Correspondent | Weale, Charlotte |
---|---|
demographic | metropolitan |
Date (YYYY-MM-DD) | 1884-08-15 |
City | London |
region | England |
Download original image | |
Archive | Bodleian Libraries |
Call number | MSS. Brit. Emp. S. 18 / C149-147 |
I hope you got the telegram with Topia … address
Thursday evg, 9 o’clock
22 Montague Place, W.C.
Dear Mr Chesson,
I thank you for taking my many letters in good … Miss Hutchison and Mr Spencer supposed the King wd have to sit still for 2 or 3 hours in the studio. I am glad to find by yr letter that I knew better. If you come in the morning and so catch Tawhiao and put him and Skidmore into a cab, he will be got to go. … if he gets a good nights rest he may be in a more pleasant mood as to it, specially as Skidmore has just now been in to say that the message I sent over to him has made an impression on him. I sent word ‘that it was the first thing I had asked of him and that I did so knowing it was an honour conferred on him and that you wished it.’ He was quite intent wh shows the impression made and locked himself into his room and wd not even see the Dr when he came again. I can so well comprehend his view of the matter. It rankles in his mind that the ngapuhi in 1863.1864 saw the queen, breakfasted with the prince, and had gifts from the queen themaori ladies jewellery etc etc etc, and 2 years ago 3 ngapuhi seeing the prince and princess and in private wh he considers was a token of great love and now the great chiefs and waikato refused. Having voyaged so many miles he says truly he cd travel to … if the prince is too occupied to come to London.
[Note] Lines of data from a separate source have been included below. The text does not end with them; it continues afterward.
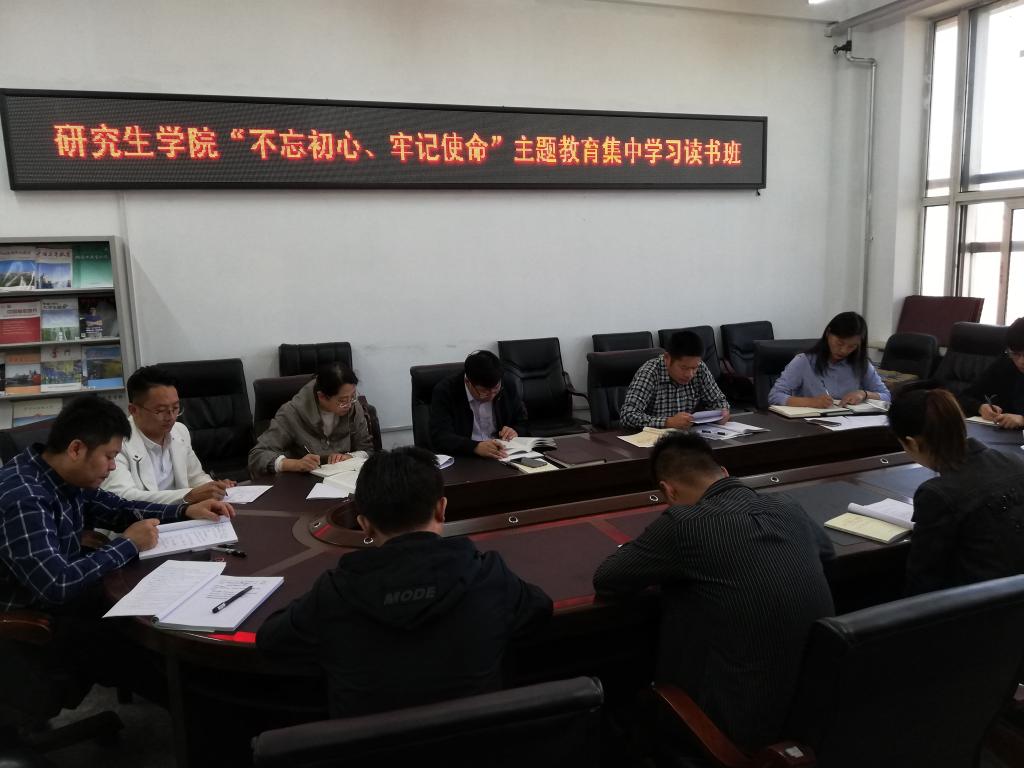 9月20日,在研究生学院会议室,学院领导班子集中自学了《OD在线“不忘初心、牢记使命”主题教育学习材料汇编》和《黑龙江省“不忘初心、牢记使命”主题教育学习参考资料》等。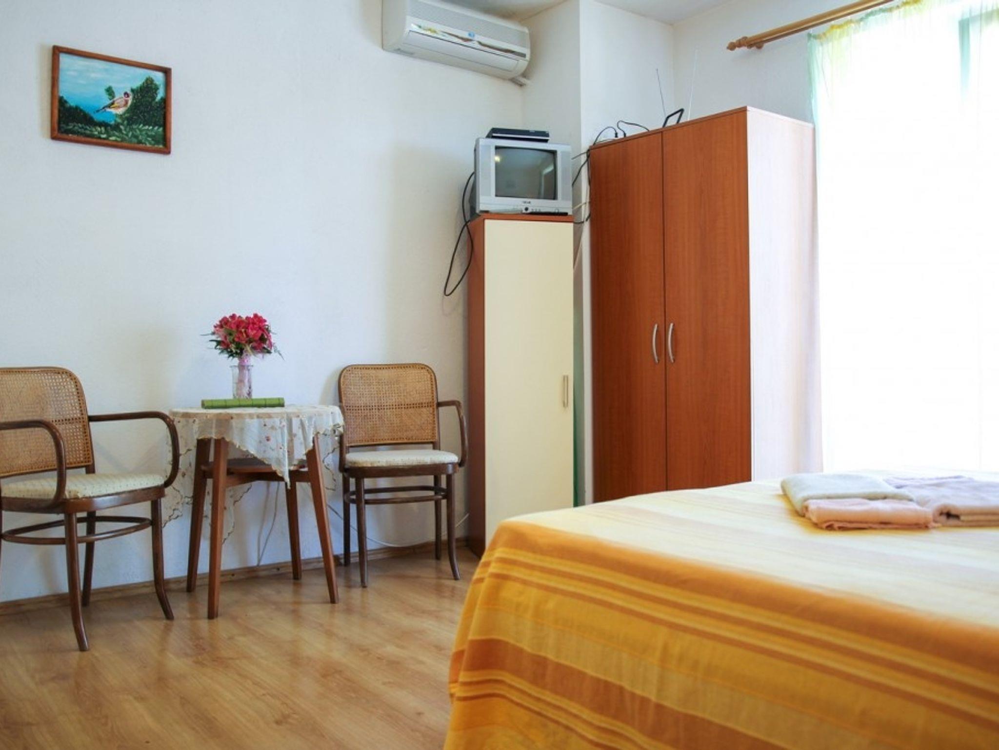 Studio bietet Platz für 2 Gäste. Die Betten sind in Schlafzimmern, die es 1 gibt, innerhalb einer Gesamtfläche von 14m2, angeordnet. Die Gäste haben einen eigenen Balkon zur Verfügung, auf der sie in warmen Sommernächten genießen können. Das Studio-Apartment bietet Meerblick. Es ist erlaubt, Speisen auf dem Gemeinschafts-Grill vorzubereiten. IM PREIS INBEGRIFFEN: Kurtaxe, Endreinigung, Klimatisierung, Internet, Kinderbett, Bügeleisen, Bügelbrett, Föhn. UNVERBINDLICHE ZUSÄTZLICHE KOSTEN: Wäschewaschen (10,00 € Waschen), Zusatzbett (10,00 € pro Nacht). Die Verfügbarkeit zusätzlicher Dienstleistungen in Ihrem reservierten Termin und die Preise derselben (falls nicht aufgeführt) müssen im Voraus überprüft werden. Zusätzliche Dienstleistungen die in der Zahlungsaufforderung nicht aufgeführt sind werden direkt beim Vermieter bezahlt, angenommen der Gast nutzt auch diese. Ermäßigung auf den Grundpreis: Gratistag 14=13 (bei einem Aufenthalt von 14 Tagen oder mehr erhalten Sie einen Gratistag für den Aufenthalt bis 31.12.26).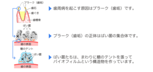 厚労省のWebページからの引用となりますが、歯周病の進んでしまう原因は、プラークと言われるものです。
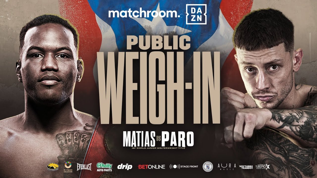 It’s time to hit the scales in Puerto Rico as Subriel Matias defends his IBF World Super Lightweight Title against Liam Paro. Watch as both Champion and Challenger weigh in alongside various undercard fighters including Angel Fierro, Yankiel Rivera, Stephanie Pineiro and William Ortiz.

Its an insult he thinks to his people and Mr Spencer’s very unwise speeches as to the queen and Colonial Office rankle in his mind so he is hasting to rush away ‘with nothing to tell his people.’ But he was very courteous to me, only he asserts a bust is a dreadful notion and that his disfigured eye from his wounds some years ago gives him he spoke the english words ‘crosseye looking’ and he feels the prince and the great gentleman will be able to go and look at the bust or … ‘and make sport of this seventy years old stranger and that a bust is not like a painting it lasts forever and so his tribe will be mocked by the English when they discourse as to his native appearance.’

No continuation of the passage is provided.